Catta, una Frida, nos comparte una reflexión personal sobre la mirada que tiene una veinteañera sobre sí misma y su recorrido de autoconocimiento.
En mi palacio mental lo sé todo y tengo el control. Sé los trucos, los desenlaces y las palabras adecuadas. Siempre gano, soy gurú, reina y verdugo. Mi ego está tan inflado que parece una torre, y desde las alturas discrimino a destajo lo bueno de lo malo, sabiéndome libre del dolor, los límites y las consecuencias. Entonces ocurre que la realidad irrumpe en mis fantasías, y frente al filo de la realidad, ya no soy dueña de la verdad. En cambio, soy lo que soy: una veinteañera con demasiadas opiniones, y poca experiencia para respaldarlas. Soy ingenua respecto a tantas cosas, que mi soberbia se retuerce de solo pensar en admitir que cuando digo y creo en mi autoridad, no es más que pan y circo.
Inocente es mi ceguera autoimpuesta y mi reiterada tendencia a reaccionar con mis emociones antes que la lógica; inocente es negarme a ver lo obvio y complicar situaciones que son muy simples. Me atormenta escuchar la diferencia entre la voz de mi cabeza, tan pacífica y melódica como Maya Angelou; y la que sale de mi boca, que atropella las palabras y revela demasiado. Es por eso que me rehúso a aceptar que, a nivel fundamental, soy despistada y simplona. Frente a mi propio reflejo soy una mujer sofisticada, compuesta, y erudita, pero bajo la piel tengo una niña zaparrastrosa e inexperta, cuyo rostro blanco me persigue. “Tú y yo somos la misma persona”, dice con ojos llorosos. Las piernas me tiemblan porque ya no puedo seguir huyendo de esa parte de mí que llevo años tratando de enterrar, y que está cada vez más cerca de salir a la superficie.

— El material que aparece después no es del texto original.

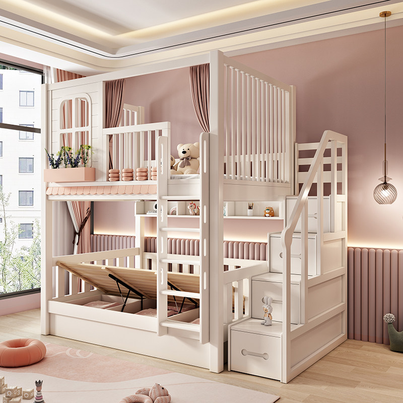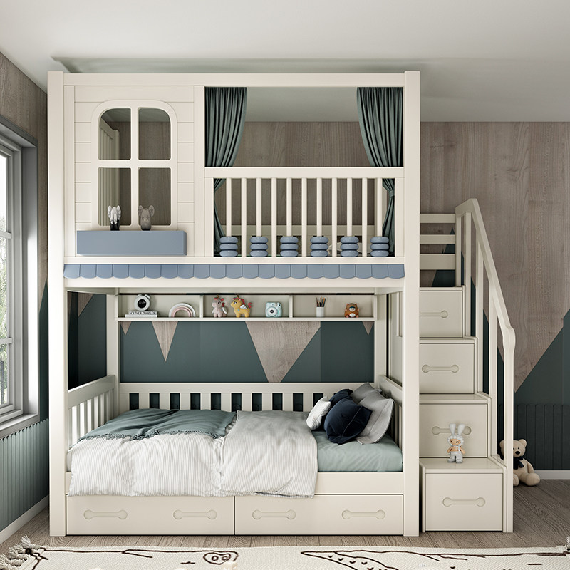 Solid wood upper and lower bunk beds High guardrails primary and secondary beds Children high and low beds Small family type Double beds Two floors up and down bed-Taobao
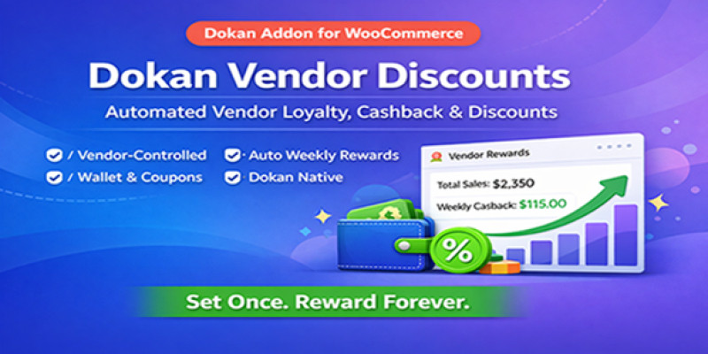 Dokan Vendor Discounts - WordPress. Automate vendor discounts, loyalty rewards, and cashback for Dokan WooCommerce marketplaces with weekly rule-based automation.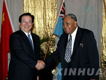 中新網(wǎng)1月24日電 人民日報(bào)報(bào)道,中國國家副主席曾慶紅在前往拉美5國訪問途中,23日在斐濟(jì)的楠迪市作短暫技術(shù)停留,斐濟(jì)總統(tǒng)伊洛伊洛和總理恩加拉塞專程從首都前來看望,并分別與曾慶紅進(jìn)行友好交談。
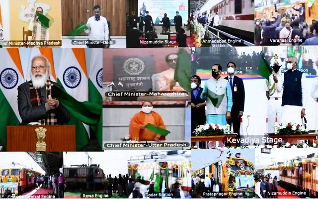 अहमदाबाद। प्रधानमंत्री नरेंद्र मोदी ने देश के विभिन्न हिस्सों को गुजरात के केवडय़िा से जोडऩे वाली आठ ट्रेनों को रविवार को वीडियो कॉन्फ्रेंस के जरिए हरी झंडी दिखाई। केवड़िया में ही सरदार पटेल की प्रतिमा स्टैच्यू ऑफ यूनिटी है। उन्होंने अतीत में देश में कामकाज के तौर तरीकों का उदाहरण देते हुए समर्पित माल ढुलाई गलियारे (डेडिकेटिड फ्रेट कॉरिडोर) का जिक्र किया।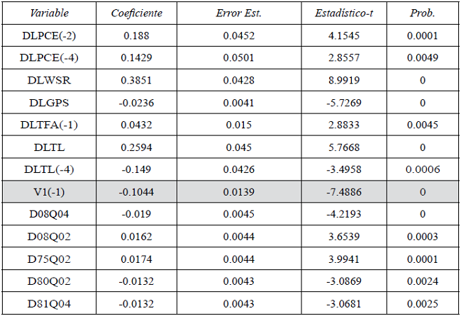 El vector de cointegración aceptado para la elaboración del mecanismo corrector de errores (MCE), fue el siguiente: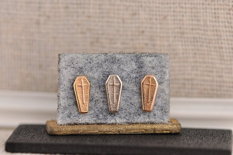 These Coffin ends from Local Natives Jewelry are hand-made in Solid 14k Yellow, White and Rose Gold. They feature a Stainless Steel Universal Threadless Pin.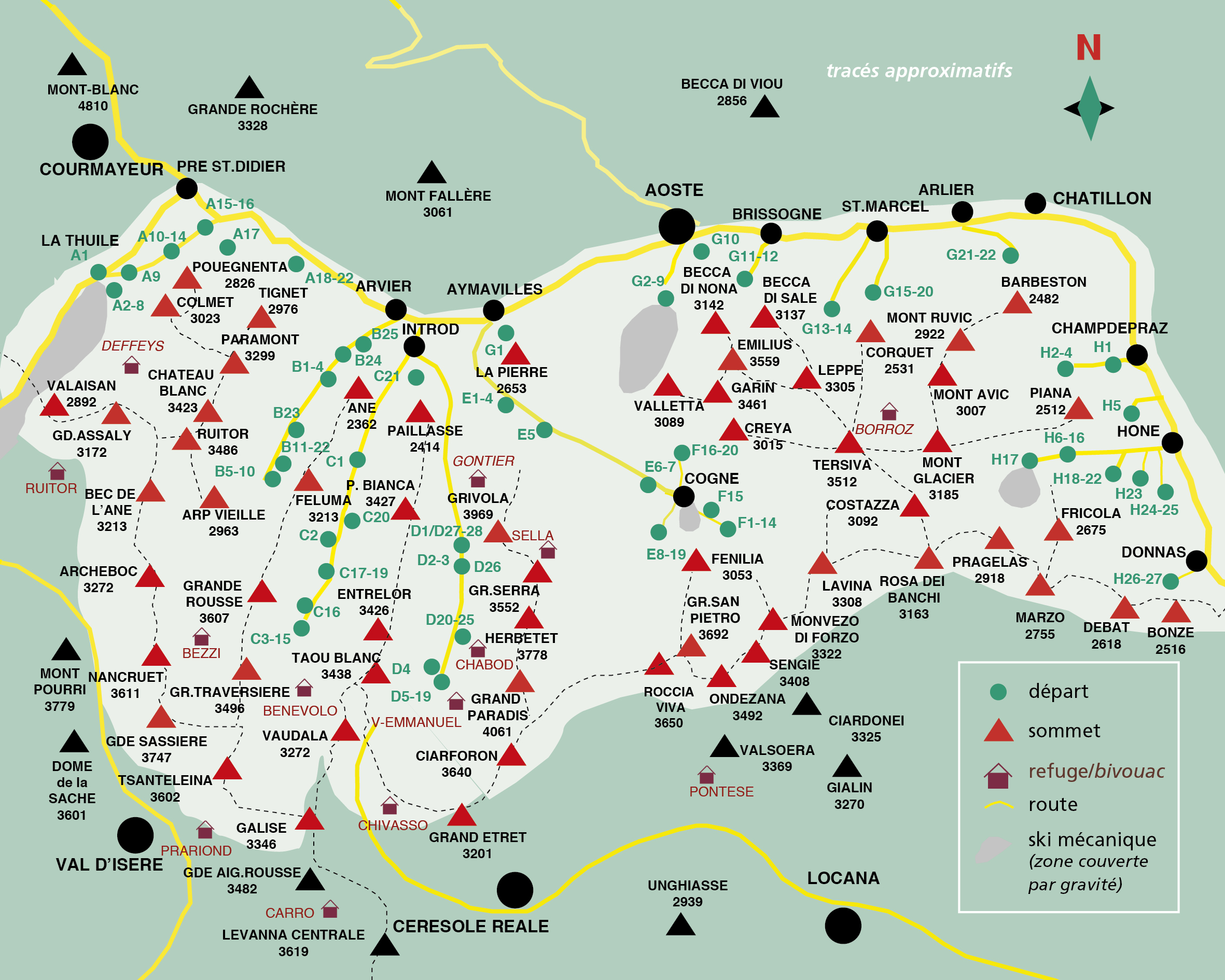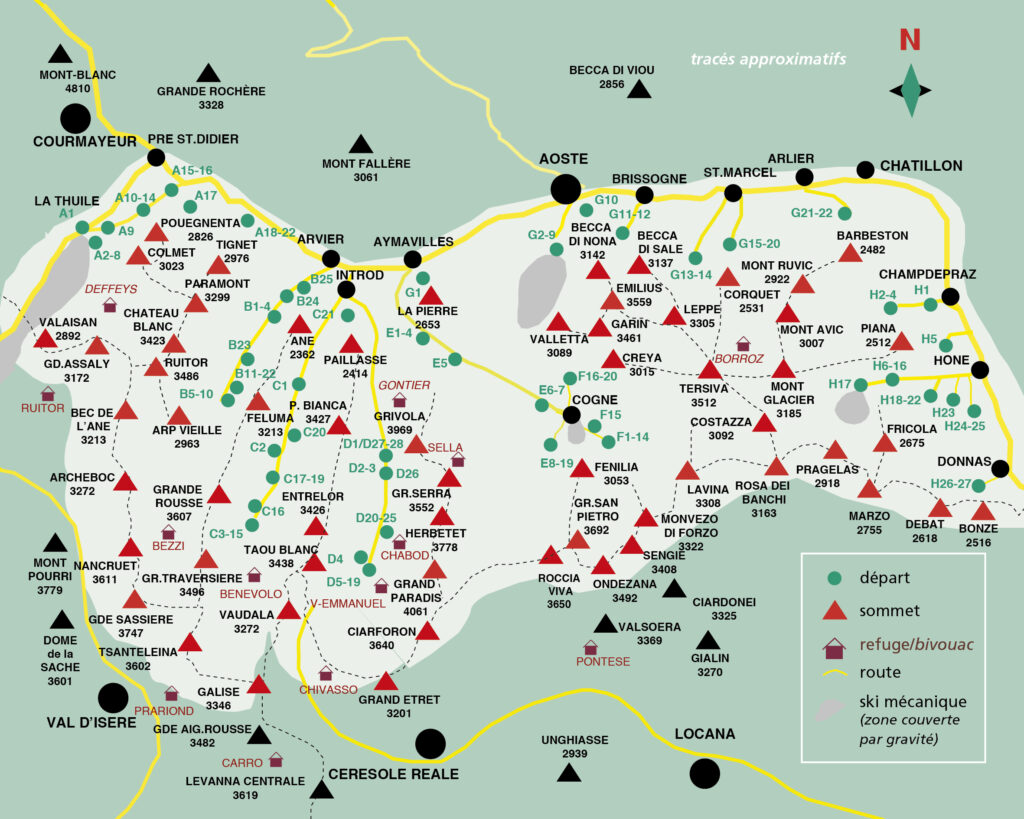 GPA est le massif du Grand Paradis situé sur la rive droite du Val d’Aoste. Entre la Thuile et Pont-Saint-Martin il comprend les groupes de montagne du Ruitor, Grande Sassière, Galise, Grand-Paradis, Grivola, Tersiva, Emilius et Mont Glacier.

Hace unos años atrás, una voz de mujer me dijo: “la vergüenza es una excelente maestra si estás dispuesta a aceptarla”. Recuerdo vívidamente la condescendencia en los ojos de la psicóloga, y las ganas que tenía de patearla por debajo de la mesa por tener la audacia de sugerirme que yo soy el problema. ¡Preferiría meter la lengua en el enchufe antes de aprender a golpes, señora! La inocencia es cosa de niños, y los infantes tienen las rodillas raspadas y la ropa embarrada. Las mujeres adultas no son así. Pero, cuando lo pienso de nuevo y me atrevo a mirarme de verdad, me doy cuenta de que yo también ando con la ropa sucia y las rodillas ensangrentadas, porque es inevitable tropezar cuando se anda por el mundo con las manos sobre los ojos; y si lo pienso aún más, los niños tienen una libertad que yo no me permito: decir lo que pienso con total soltura, y no malgastar mi energía en aparentar. Son auténticos, creativos, libres. No cargan con este peso en los hombros, ni tienen este nudo en el estómago.
Si soy honesta, me agota estar alerta todo el tiempo. Estoy cansada de reflexionar sobre el futuro en términos de rentabilidad, de apreciar mis relaciones según su utilidad, de medir mi felicidad y mi valor personal con números y premios que se acumulan en la repisa, pero poco valen cuando las cosas se ponen mal; y es que al final del día no soy gurú, ni verdugo, ni profeta: soy irrevocablemente yo, alguien que sabe poco y que lleva días tratando de terminar este manifiesto, porque pensar en publicarlo me hace querer vomitar. Pero pese a todo eso, sigo aquí. Ansiosa, asustada, con el corazón roto, pero dispuesta a darle a la parte vulnerable e ingenua de mí, una oportunidad de salir a la luz a exponer cosas que los niños saben, pero que a mí, adulta necia y arrogante, se me olvidan con demasiada facilidad.
Si siguen aquí, es porque también saben que mi psicóloga tenía razón. Avergonzarse de los tropiezos no sólo es fundamental, sino necesario para aprender. El fracaso y el rechazo mantienen a raya el ego, y ser compasivo con uno mismo, sabiendo que las faltas cometidas por soberbia o falta de experiencia, abren la puerta a apreciar aún más el juego de la vida, porque jugar no sólo ayuda a explorar lo esencial, sino que es esencial en sí mismo. Podría ahorrarme la humillación y evitarlo a toda costa, pero desde el fondo de mi ingenuo corazón, creo que es mejor vivir en la realidad, donde conviven lo malo, lo feo y lo inaceptable; con el amor, la libertad, y la creatividad. También es cierto que es un juego sin reglas, a ratos sin sentido, donde quizás la respuesta es no; pero aceptarlo tal cual es, con la mente tan abierta como me es posible, me hace querer seguir participando, y si lo sigo intentando, quizás algún día logre ser sabia en el plano real, y no sólo en mi cabeza.